[Exercise requirements] Below are some records. Return exactly their lines from the one containing "What's more striking" through the one containing "ikki boshqichdan iborat.", and drop the pictures.

[Records drawn from a dataset]
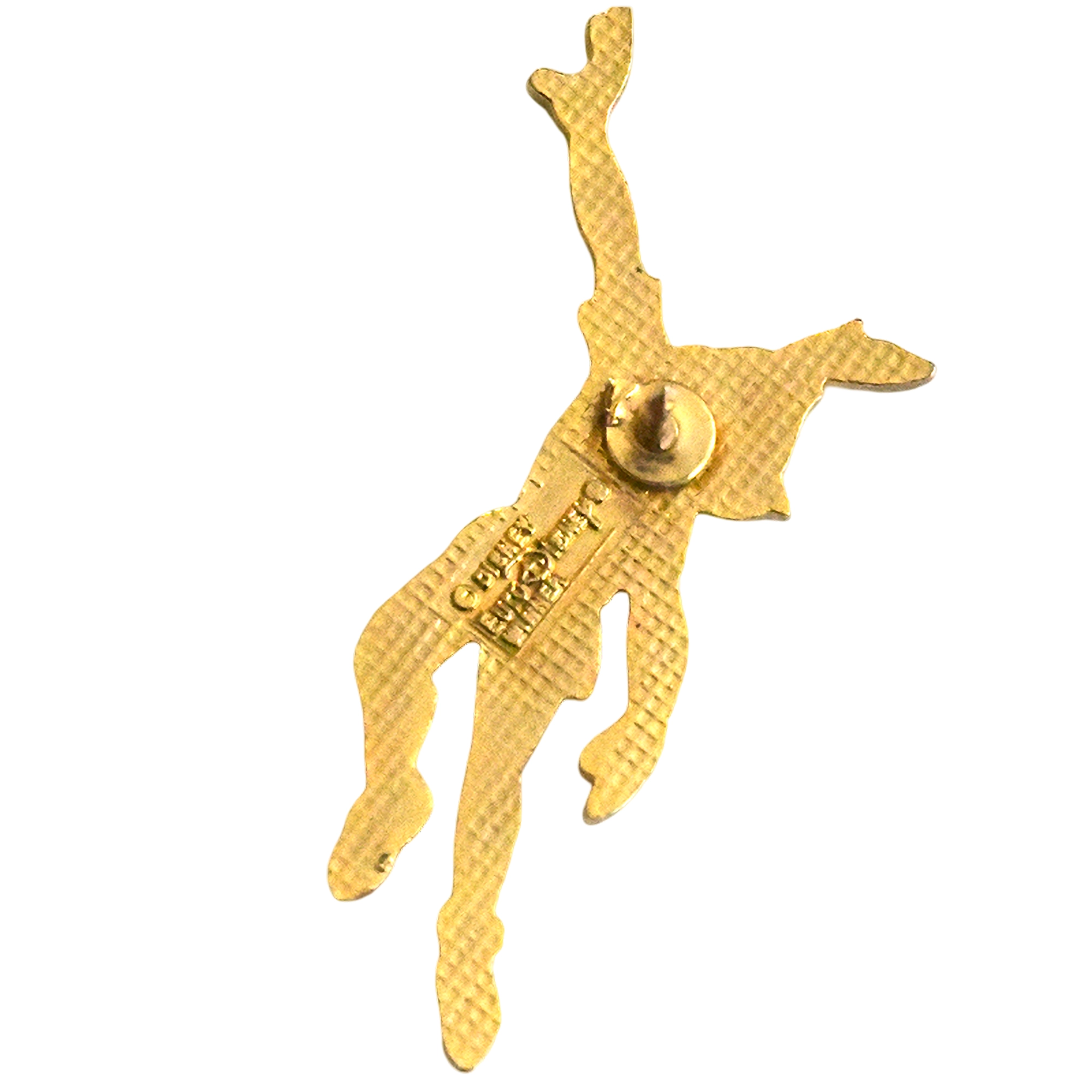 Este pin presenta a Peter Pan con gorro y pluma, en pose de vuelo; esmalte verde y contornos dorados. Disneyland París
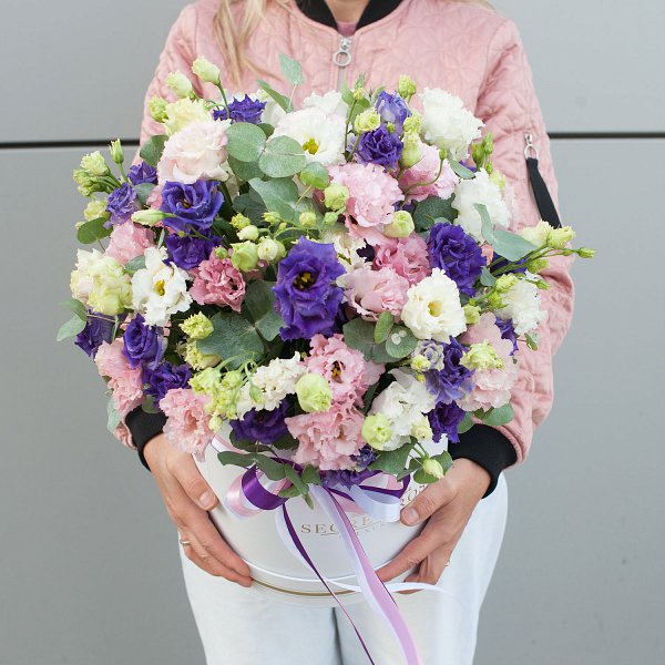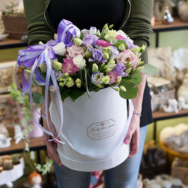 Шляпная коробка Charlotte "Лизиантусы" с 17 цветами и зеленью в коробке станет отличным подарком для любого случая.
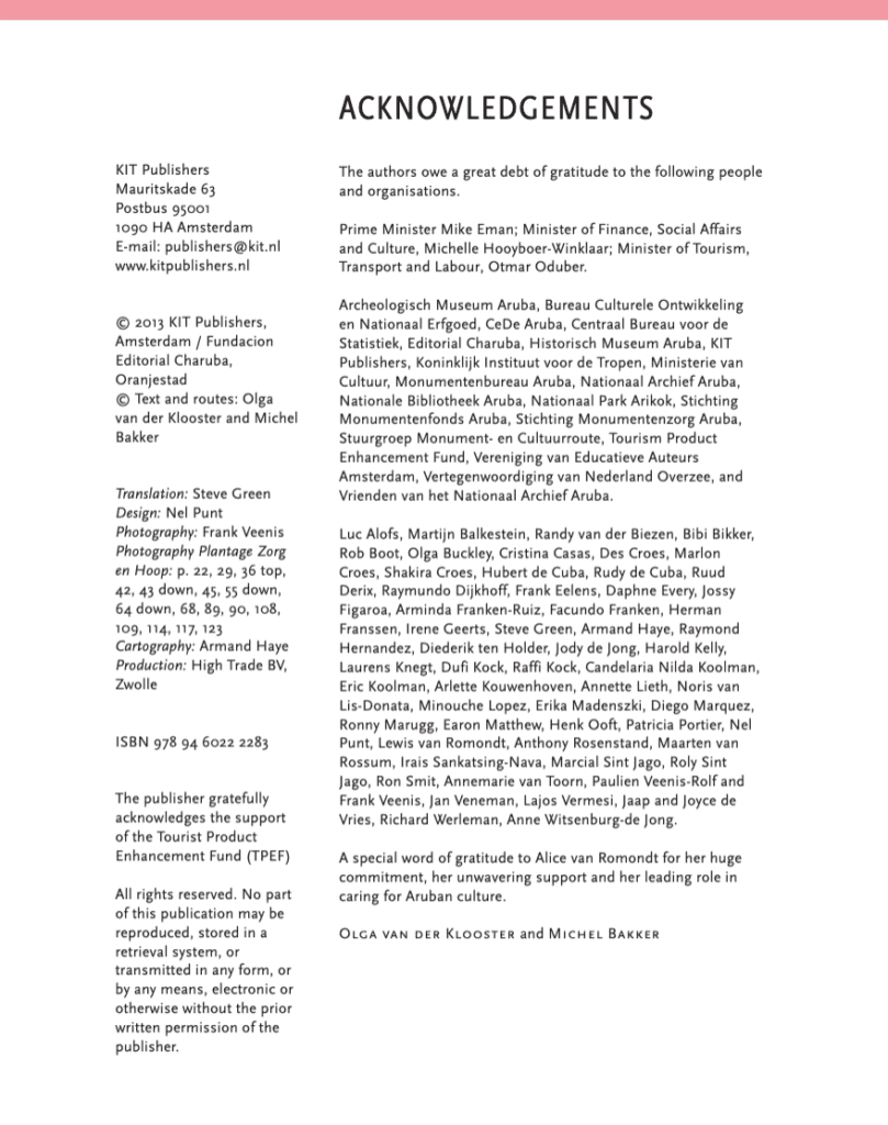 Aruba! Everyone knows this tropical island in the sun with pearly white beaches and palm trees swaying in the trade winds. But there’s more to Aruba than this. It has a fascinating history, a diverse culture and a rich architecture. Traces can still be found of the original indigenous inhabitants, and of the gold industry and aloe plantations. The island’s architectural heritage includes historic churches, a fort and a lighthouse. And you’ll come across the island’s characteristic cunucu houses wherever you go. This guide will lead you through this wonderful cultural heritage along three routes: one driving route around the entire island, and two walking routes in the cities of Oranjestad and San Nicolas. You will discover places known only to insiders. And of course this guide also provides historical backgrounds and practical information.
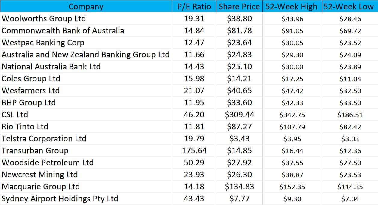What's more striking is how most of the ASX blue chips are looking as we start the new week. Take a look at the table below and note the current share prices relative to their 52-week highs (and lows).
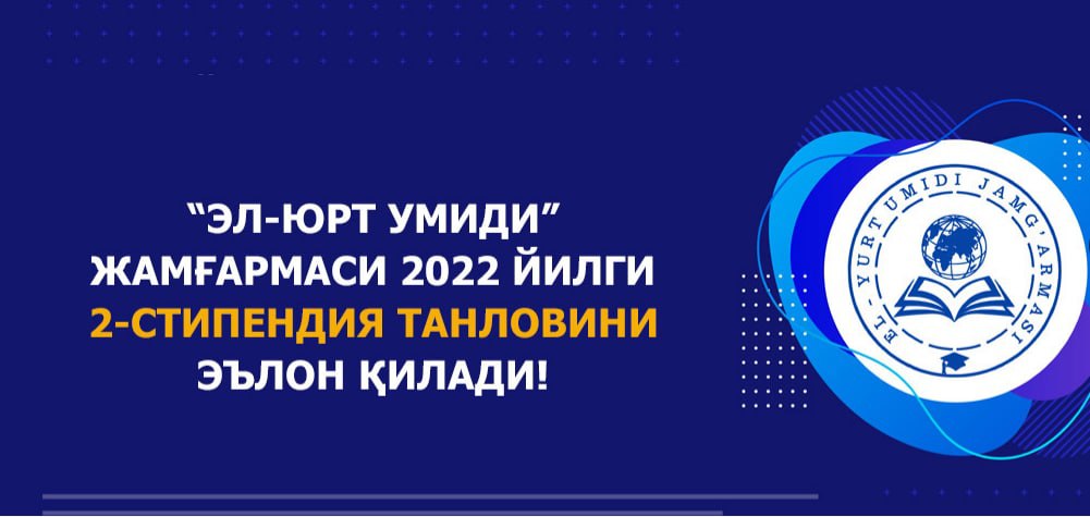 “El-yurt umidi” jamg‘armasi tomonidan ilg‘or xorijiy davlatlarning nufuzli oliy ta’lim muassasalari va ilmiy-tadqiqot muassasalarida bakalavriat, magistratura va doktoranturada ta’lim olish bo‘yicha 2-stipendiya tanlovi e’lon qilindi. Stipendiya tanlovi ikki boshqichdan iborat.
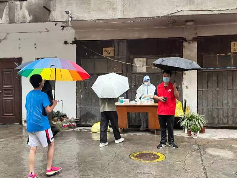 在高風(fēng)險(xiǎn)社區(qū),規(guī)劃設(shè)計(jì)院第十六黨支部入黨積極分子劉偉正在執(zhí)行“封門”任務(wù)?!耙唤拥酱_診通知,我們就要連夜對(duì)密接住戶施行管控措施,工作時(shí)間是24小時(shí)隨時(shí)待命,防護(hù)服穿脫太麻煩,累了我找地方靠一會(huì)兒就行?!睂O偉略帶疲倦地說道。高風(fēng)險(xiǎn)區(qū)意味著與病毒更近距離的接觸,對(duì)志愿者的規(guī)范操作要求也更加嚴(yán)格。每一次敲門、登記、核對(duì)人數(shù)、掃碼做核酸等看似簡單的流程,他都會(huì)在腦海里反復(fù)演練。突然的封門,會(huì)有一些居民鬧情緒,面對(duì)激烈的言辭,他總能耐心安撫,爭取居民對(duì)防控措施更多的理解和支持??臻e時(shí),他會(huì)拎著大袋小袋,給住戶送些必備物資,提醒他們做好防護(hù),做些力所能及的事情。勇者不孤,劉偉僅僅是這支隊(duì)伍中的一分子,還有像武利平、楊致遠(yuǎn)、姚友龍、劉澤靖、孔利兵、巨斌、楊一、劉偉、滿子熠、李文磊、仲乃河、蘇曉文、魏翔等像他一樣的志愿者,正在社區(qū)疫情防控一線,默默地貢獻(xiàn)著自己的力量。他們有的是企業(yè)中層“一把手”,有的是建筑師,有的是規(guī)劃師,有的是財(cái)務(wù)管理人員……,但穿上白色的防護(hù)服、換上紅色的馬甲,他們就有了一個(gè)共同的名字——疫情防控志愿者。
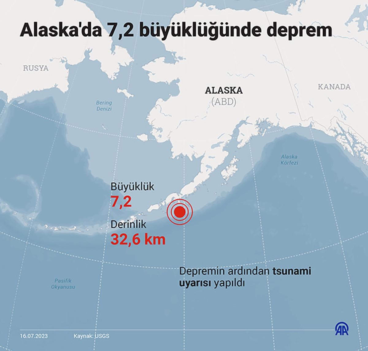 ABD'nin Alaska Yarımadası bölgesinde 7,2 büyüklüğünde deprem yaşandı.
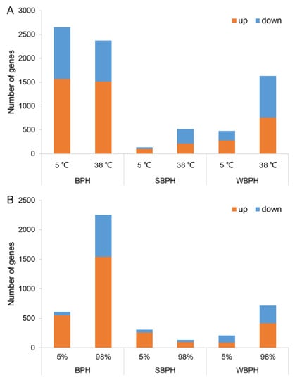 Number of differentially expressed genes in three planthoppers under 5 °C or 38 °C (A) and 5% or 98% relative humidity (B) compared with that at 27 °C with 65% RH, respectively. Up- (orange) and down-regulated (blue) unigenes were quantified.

[Problem solution]
What's more striking is how most of the ASX blue chips are looking as we start the new week. Take a look at the table below and note the current share prices relative to their 52-week highs (and lows).
 “El-yurt umidi” jamg‘armasi tomonidan ilg‘or xorijiy davlatlarning nufuzli oliy ta’lim muassasalari va ilmiy-tadqiqot muassasalarida bakalavriat, magistratura va doktoranturada ta’lim olish bo‘yicha 2-stipendiya tanlovi e’lon qilindi. Stipendiya tanlovi ikki boshqichdan iborat.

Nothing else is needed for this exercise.